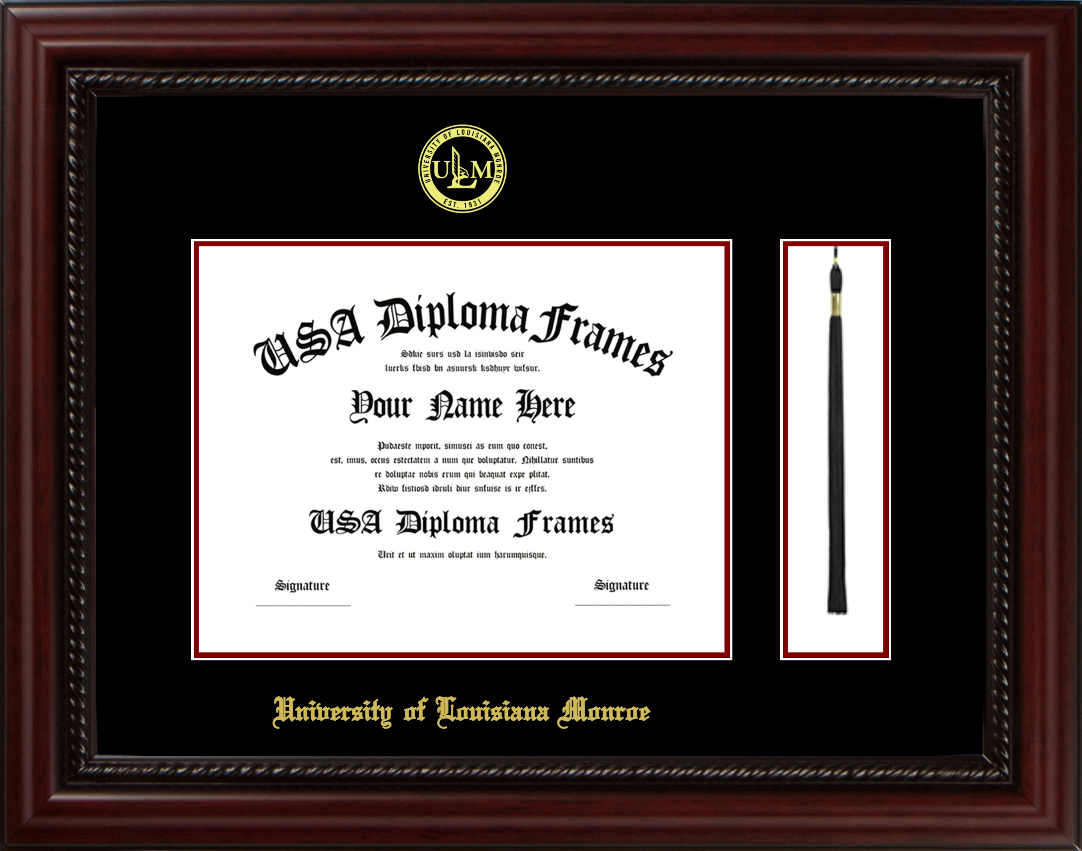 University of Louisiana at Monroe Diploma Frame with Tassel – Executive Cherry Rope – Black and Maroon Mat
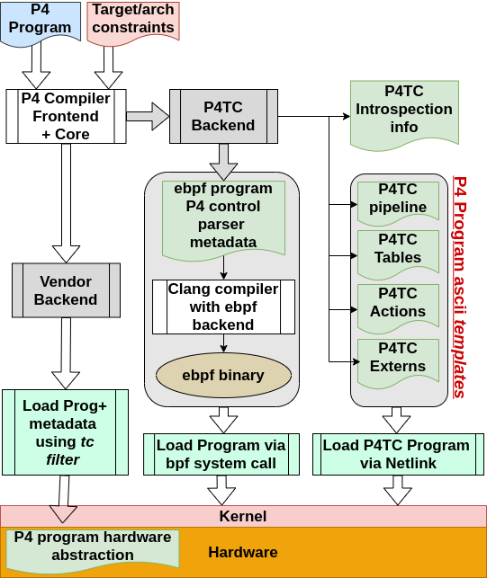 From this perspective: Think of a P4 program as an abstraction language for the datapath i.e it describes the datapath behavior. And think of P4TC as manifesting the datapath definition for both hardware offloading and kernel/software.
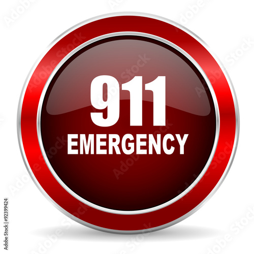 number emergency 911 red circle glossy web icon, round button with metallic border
==
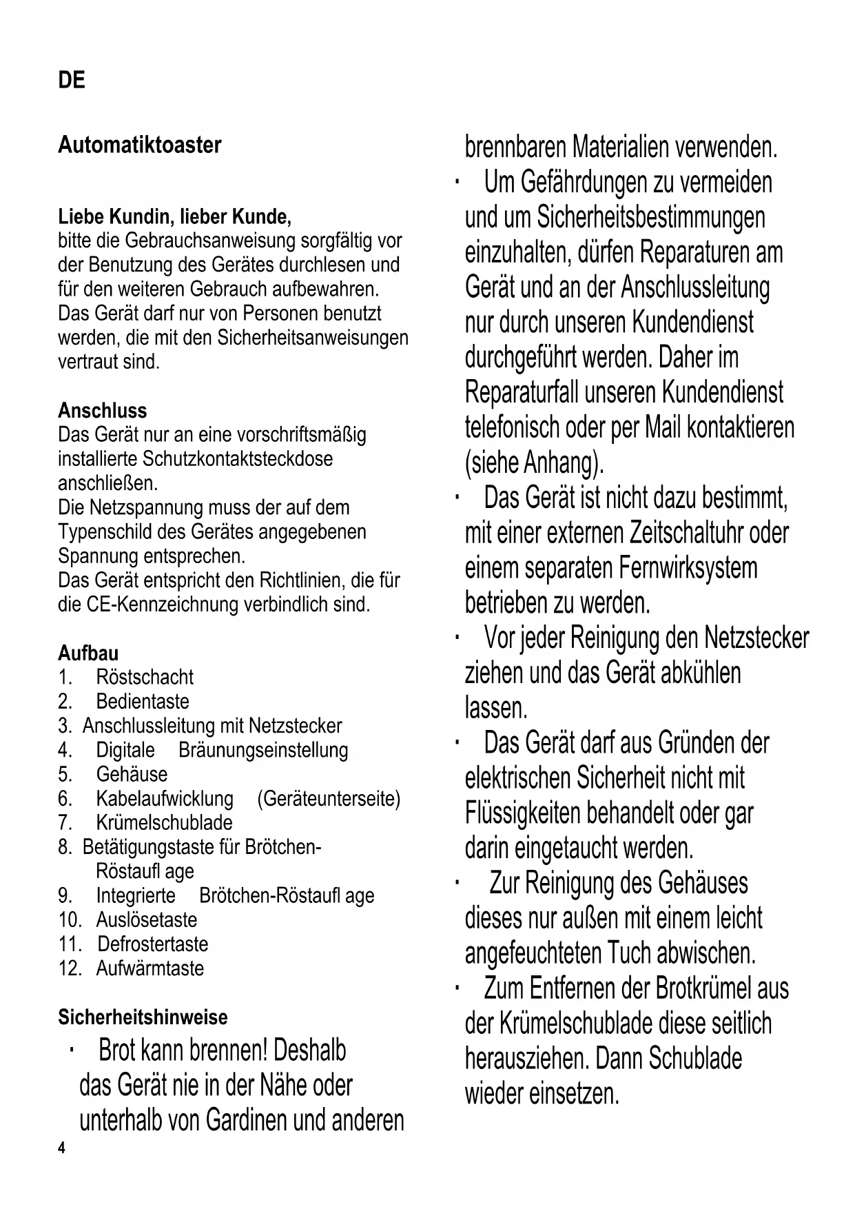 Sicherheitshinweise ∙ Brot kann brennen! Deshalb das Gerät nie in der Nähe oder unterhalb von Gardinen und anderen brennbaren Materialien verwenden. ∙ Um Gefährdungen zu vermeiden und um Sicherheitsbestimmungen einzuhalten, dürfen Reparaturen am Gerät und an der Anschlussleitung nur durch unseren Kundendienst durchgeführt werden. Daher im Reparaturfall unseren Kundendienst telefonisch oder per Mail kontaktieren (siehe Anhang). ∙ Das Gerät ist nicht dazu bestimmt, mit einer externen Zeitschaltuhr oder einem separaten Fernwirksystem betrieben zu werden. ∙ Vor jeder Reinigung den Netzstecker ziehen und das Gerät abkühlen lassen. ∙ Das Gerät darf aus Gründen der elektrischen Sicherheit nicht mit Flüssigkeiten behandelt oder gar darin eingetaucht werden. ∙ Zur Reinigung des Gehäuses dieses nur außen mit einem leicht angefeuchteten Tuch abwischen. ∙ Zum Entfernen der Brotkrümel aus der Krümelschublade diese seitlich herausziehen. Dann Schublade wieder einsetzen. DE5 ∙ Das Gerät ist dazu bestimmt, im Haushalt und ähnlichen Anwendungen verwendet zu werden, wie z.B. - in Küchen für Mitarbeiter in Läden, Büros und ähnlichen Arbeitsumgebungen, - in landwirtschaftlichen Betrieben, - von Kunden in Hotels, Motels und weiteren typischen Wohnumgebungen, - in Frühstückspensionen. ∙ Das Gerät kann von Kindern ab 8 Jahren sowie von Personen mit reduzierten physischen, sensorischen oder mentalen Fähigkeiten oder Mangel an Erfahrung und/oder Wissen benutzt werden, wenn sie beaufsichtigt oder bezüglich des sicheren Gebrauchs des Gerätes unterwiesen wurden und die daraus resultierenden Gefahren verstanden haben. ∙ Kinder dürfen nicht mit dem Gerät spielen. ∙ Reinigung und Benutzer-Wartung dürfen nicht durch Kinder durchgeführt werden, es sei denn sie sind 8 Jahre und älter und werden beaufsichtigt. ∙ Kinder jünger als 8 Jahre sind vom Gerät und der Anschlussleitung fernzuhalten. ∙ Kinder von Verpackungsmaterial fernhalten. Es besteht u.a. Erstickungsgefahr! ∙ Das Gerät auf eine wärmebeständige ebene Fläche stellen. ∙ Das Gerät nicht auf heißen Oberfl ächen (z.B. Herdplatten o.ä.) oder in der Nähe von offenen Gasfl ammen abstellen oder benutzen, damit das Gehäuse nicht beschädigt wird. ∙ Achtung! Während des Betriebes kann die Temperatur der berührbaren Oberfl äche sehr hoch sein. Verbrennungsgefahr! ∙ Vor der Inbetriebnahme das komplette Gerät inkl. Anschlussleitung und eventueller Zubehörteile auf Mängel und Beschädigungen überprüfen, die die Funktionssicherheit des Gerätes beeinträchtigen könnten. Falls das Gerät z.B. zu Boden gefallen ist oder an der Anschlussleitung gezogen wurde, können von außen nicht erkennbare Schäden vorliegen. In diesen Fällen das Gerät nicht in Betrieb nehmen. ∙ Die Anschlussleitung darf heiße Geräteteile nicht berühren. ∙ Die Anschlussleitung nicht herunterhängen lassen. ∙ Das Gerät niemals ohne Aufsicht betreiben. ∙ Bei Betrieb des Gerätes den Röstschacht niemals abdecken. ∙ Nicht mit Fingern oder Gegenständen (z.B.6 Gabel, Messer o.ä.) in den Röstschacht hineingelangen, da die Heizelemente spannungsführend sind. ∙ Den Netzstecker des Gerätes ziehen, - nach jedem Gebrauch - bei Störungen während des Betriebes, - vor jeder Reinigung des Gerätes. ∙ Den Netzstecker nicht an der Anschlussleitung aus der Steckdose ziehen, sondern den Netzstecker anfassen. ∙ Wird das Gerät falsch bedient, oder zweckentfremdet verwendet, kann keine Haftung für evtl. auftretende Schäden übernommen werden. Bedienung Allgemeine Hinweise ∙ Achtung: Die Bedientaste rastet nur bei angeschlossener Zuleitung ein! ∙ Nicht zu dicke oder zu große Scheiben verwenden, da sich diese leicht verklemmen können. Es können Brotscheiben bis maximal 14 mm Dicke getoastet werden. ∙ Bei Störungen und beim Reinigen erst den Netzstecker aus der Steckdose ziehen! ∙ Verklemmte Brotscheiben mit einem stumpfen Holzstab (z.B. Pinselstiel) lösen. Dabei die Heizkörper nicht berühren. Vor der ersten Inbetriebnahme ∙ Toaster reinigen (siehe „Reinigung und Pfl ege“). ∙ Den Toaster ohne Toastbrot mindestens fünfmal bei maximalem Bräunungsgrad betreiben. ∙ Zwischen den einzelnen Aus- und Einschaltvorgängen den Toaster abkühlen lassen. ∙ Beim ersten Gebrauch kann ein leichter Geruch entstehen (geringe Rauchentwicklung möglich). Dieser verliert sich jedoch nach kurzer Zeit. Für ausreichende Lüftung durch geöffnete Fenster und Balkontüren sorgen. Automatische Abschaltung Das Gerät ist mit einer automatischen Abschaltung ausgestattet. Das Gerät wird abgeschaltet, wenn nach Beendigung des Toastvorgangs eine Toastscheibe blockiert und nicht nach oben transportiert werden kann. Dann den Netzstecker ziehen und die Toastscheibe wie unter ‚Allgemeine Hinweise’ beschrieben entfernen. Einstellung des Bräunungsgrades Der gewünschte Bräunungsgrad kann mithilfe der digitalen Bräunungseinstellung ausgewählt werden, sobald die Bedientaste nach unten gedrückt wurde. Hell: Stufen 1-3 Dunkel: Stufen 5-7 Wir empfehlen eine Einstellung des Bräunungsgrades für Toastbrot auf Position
---
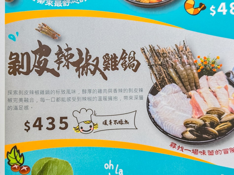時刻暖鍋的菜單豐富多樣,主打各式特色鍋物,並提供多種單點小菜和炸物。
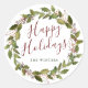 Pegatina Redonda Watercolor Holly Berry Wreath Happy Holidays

[DIRECTIONS FOR THIS TASK] Find the line with "University of Louisiana" in the entries above. Set down exactly every line from it up to and including the line with "number emergency 911", images excluded.

[ANSWER TO THE EXERCISE]
 University of Louisiana at Monroe Diploma Frame with Tassel – Executive Cherry Rope – Black and Maroon Mat
 From this perspective: Think of a P4 program as an abstraction language for the datapath i.e it describes the datapath behavior. And think of P4TC as manifesting the datapath definition for both hardware offloading and kernel/software.
 number emergency 911 red circle glossy web icon, round button with metallic border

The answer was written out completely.